In U.S. constitutional law, a facial challenge is a challenge to a statute in which the plaintiff alleges that the legislation is always unconstitutional, and therefore void. It is contrasted with an as-applied challenge, which alleges that a particular application of a statute is unconstitutional.

If a facial challenge is successful, a court will declare the statute in question facially invalid, which has the effect of striking it down entirely. This contrasts with a successful as-applied challenge, which will result in a court narrowing the circumstances in which the statute may constitutionally be applied without striking it down. In some cases—e.g., Gonzales v. Carhart or Crawford v. Marion County Election Board, a facial challenge has been rejected with either the court or concurring Justices intimating that the upheld statute might be vulnerable to an as-applied challenge.

In First Amendment cases, another type of facial challenge is enunciated in the overbreadth doctrine. If a statute reaches to include substantially protected conduct and speech in relation to the legitimate reach of the statute, then it is overbroad and thus void on its face.

Facial versus as-applied challenges Edit

As discussed above, one primary distinction between the two methods of challenging legislation in court is that a facial challenge to a statute seeks to invalidate it in its entirety because every application is unconstitutional, whereas an as-applied challenge seeks to invalidate a particular application of a statute. A second distinction between the two is that a facial challenge may be brought soon after a statute's passage in a legislature; however, an as-applied challenge, as the name suggests, can only be brought once it has been enforced. In this sense, a facial challenge is prospective, or forward looking, because it seeks to prevent a law from being enforced and thus violating someone's constitutional rights, and an as-applied challenge is retrospective, or backward looking, because it seeks to redress a constitutional violation that has already occurred. Since facial challenges have the potential to invalidate a statute in its entirety, they are said to be disfavored.[1] Legal scholar Richard H. Fallon Jr. has argued that both terms are ambiguous and not as easily distinguishable from one another.[2] Indeed, the U.S. Supreme Court has acknowledged this fact. In Citizens United v. Federal Election Commission, it stated, "the distinction between facial and as-applied challenges is not so well defined that it has some automatic effect or that it must always control the pleadings and disposition in every case involving a constitutional challenge".[3]

Because a successful facial challenge carries with it greater consequences than an as-applied challenge, i.e., the entire legislation is invalidated, the U.S. Supreme Court has declared facial challenges disfavored, which should, therefore, be used rarely. In Washington State Grange v. Washington State Republican Party,[4] the U.S. Supreme Court stated several reasons for disfavoring facial challenges.

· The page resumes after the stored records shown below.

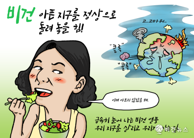[비건만평] 비건, 아픈 지구를 정상으로 돌려놓을 힘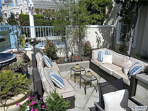 Provence inspired townhome boasting impressive canyon, Catalina and ocean views in exclusive gated community. Sought after open floorplan features spacious living room with volume ceiling, fireplace, crown molding, French oak hardwood flooring and adjacent large, lushly landscaped patio. Formal dining room with custom drapes and wall coverings. Gourmet kitchen with granite counters, built-in refrigerator, stainless steel appliances, 6 burner Jenn-air gas range and Bosch dishwasher. Bar stool seating opens to breakfast nook and adjoining family room with built-in Samsung TV. Master bdrm features two Closet World walk-in closets, a black marble accented fireplace, designer baseboards, crown molding and private balcony with breathtaking panoramic views. Master bath has an elegant marble-like ceramic tile floor, custom shower with basket weave tile accent and rain shower hand-held showerhead feature, along with dual sinks with Carerra marble counters from Restoration Hardware. Enjoy two secondary bedrooms, one with two custom built-in desks, bookshelves, file cabinets, Samsung Smart TV and ceiling fan. Other quality features include large laundry room with custom cabinetry, wiring for security system and speakers, central vacuum and new lighting fixtures.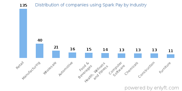 We have data on 736 companies that use Spark Pay. The companies using Spark Pay are most often found in United States and in the Retail industry. Spark Pay is most often used by companies with 1-10 employees and 1M-10M dollars in revenue. Our data for Spark Pay usage goes back as far as 8 years and 10 months.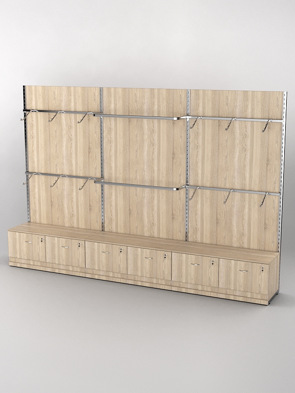 Система торговая Bazic №3 пристенная с ДСП и тумбами Т-15 и Т-21 (3600мм), Дуб Сонома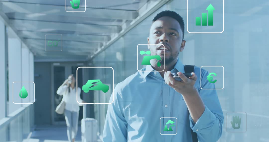 Young professional in airport speaking into phone, engaging smart technology for environment-related tracking. Floating eco icons signify various sustainable metrics. Ideal for representing modern business practices, tech innovation, eco-awareness in industry settings, and digital transformations in sustainability sectors.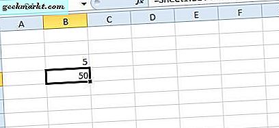 Klik nu op B4 in Blad2 om de formule aan die cel toe te voegen. Voer de formule '= Sheet1! B14-Sheet2! B3' in de Excel-functiebalk in en druk op Return. Cel B4 trekt nu 5 in Blad2's B3 van de waarde van B14 in Blad1. De cel retourneert een waarde van, zoals u waarschijnlijk al vermoedde, 50.
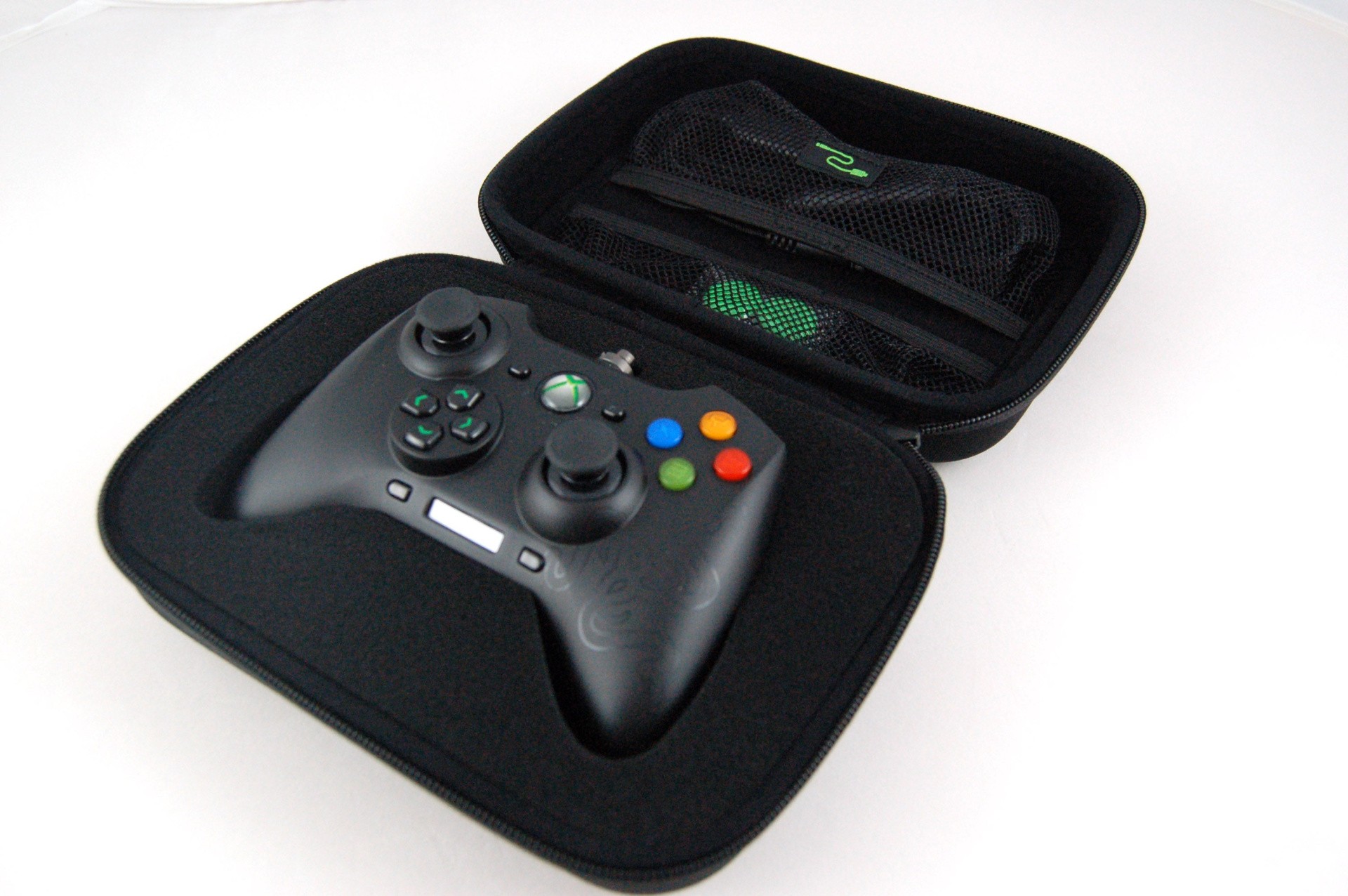 Opening up the package offers up some pleasant surprises. The pad is found within a robust fabric container, protected from harsh outside forces by a flush foam insert with netted pockets for the accessories. Prising the pad free from its deluxe receptacle, we find the controller itself to be a class apart from the standard 360 effort. A rubberised skin offers a reassuring non-slip surface, the high-quality impact of the materials only slightly diminished by the rather cheap-looking embossed snake motifs on the bottom right. On the rear of the pad we find a din-style interface into which a 3m braided cable is inserted, the other end finding a home on the USB port of the console.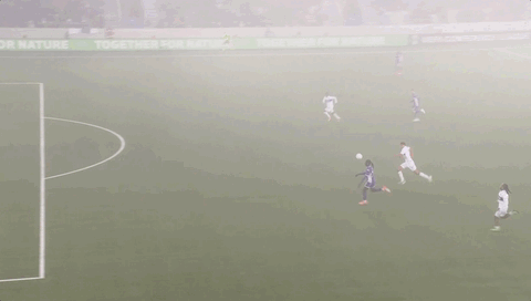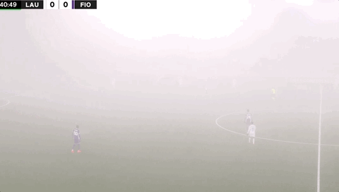 第40分钟,现场能见度极低,裁判暂时吹停了比赛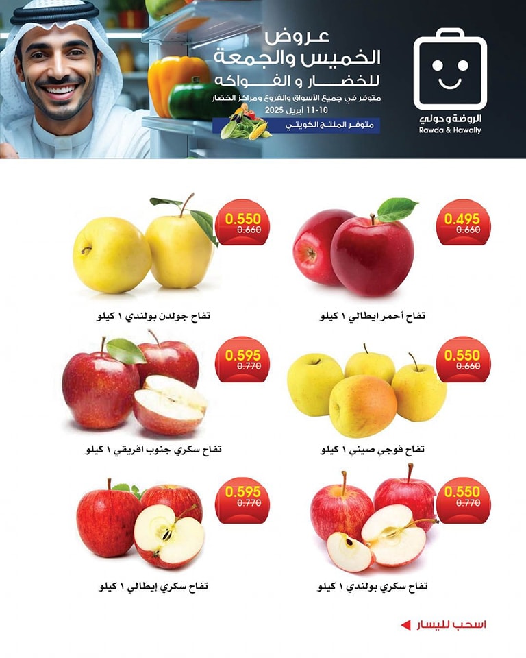 عروض جمعية الروضة و حولي التعاونية اليوم 10 أبريل 2025 الموافق 11 شوال 1446 عروض الخضار و الفواكه بصفحة واحدة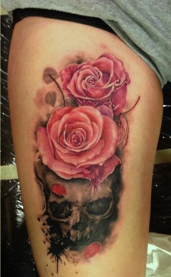 女生腿部骷髅玫瑰纹身图案欣赏图片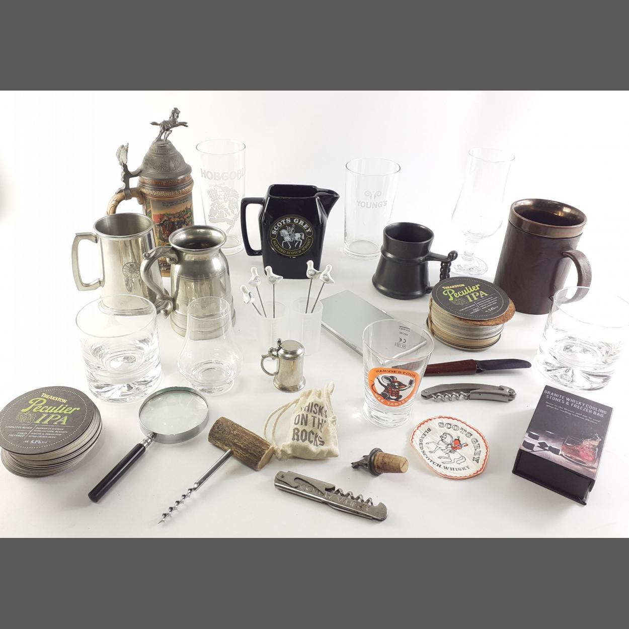 A good wee BREWERIANA mixed lot to include two lovely DARTINGTON GLASS large tumblers, steins, whisky memorabilia, corkscrews etc.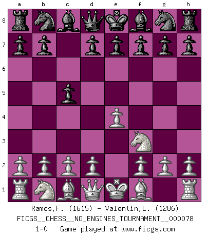 Last move : 1-0 2015 July 7 3:26:51 [Event "FICGS__CHESS__NO_ENGINES_TOURNAMENT__000078"] [Site "FICGS"] [Date "2015.05.27"] [Round "1"] [White "Ramos,Francis"] [Black "Valentin,Laurentiu"] [Result "1-0"] [WhiteElo "1615"] [BlackElo "1286"] 1.e4 c5 2.Nf3 1-0 This chess game has been lost on time (started : 2015.05.27 0:30:17) Sicilian defense Player White won this chess game. Follow this game move after move (download)In Fischer's hands, a slight theoretical advantage is as good a being a Queen ahead. (Isaac Kashdan) Ich kenne keine einzige Person, die behaupten würde, Garri Kasparow sei ein guter Mensch (Nigel Short) Tu eres para mi la Reina en d8 y yo soy el Peón en d7!!. (GM Eduard Gufeld) Il vaut toujours mieux jouer un plan faux de façon logique que de n'avoir pas de plan du tout. (Victor Kortchnoï) In God we trust, all others we virus scan. (Anonymous)

Claims of facial invalidity often rest on speculation. As a consequence, they raise the risk of "premature interpretation of statutes on the basis of factually barebones records". Sabri v. United States, 541 U.S. 600, 609 (2004) (internal quotation marks and brackets omitted). Facial challenges also run contrary to the fundamental principle of judicial restraint that courts should neither "anticipate a question of constitutional law in advance of the necessity of deciding it" nor "formulate a rule of constitutional law broader than is required by the precise facts to which it is to be applied." Ashwander v. Tennessee Valley Authority, 297 U.S. 288, 347 (1936) (Brandeis, J., concurring). Finally, facial challenges threaten to short circuit the democratic process by preventing laws embodying the will of the people from being implemented in a manner consistent with the Constitution. We must keep in mind that "[a] ruling of unconstitutionality frustrates the intent of the elected representatives of the people." Ayotte v. Planned Parenthood of Northern New Eng., 546 U.S. 320, 329 (2006).[5]

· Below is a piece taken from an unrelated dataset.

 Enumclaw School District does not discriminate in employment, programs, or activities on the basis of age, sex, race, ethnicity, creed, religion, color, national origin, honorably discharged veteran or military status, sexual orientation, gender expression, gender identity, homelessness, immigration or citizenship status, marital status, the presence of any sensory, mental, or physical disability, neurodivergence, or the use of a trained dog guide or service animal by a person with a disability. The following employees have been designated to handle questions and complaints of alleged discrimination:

Due to the speculative, possibly premature, and anti-democratic nature of judicial review of a facial challenge, the Supreme Court has placed a higher burden on those wishing to establish a facial challenge. In U.S. v. Stevens, it stated, "To succeed in a typical facial attack, [the respondent] would have to establish “that no set of circumstances exists under which [the statute] would be valid”, United States v. Salerno, 481 U.S. 739, 745 (1987), or that the statute lacks any “plainly legitimate sweep", Washington v. Glucksberg, 521 U.S. 702, 740, n. 7 (1997) (Stevens, J., concurring in judgments) (internal quotation marks omitted).[6]

Contrary position Edit

Despite the claims of Supreme Court Justices that facial challenges should be rare, empirical studies have been carried out that seem to prove otherwise.[7] In 2011, Richard Fallon wrote an article claiming that the Supreme Court does effectively resort to facial challenges to decide upon the validity of statutes more regularly than it claims. For instance, the court applied facial challenges to invalidate challenged statutes in Brown v. Board of Education under the Equal Protection Clause, Brandenburg v. Ohio under the First Amendment, and United States v. Lopez under the Commerce Clause. Also, the article asserts that contrary to popular belief, facial challenges are not framed by only a few aberrant constitutional tests. As claimed by the article, facial challenges are constituted by important constitutional tests such as the "rational basis test", which may sometimes indicate that a statute is invalid on its face because it does not posit any rational relation to a legitimate state interest.[2]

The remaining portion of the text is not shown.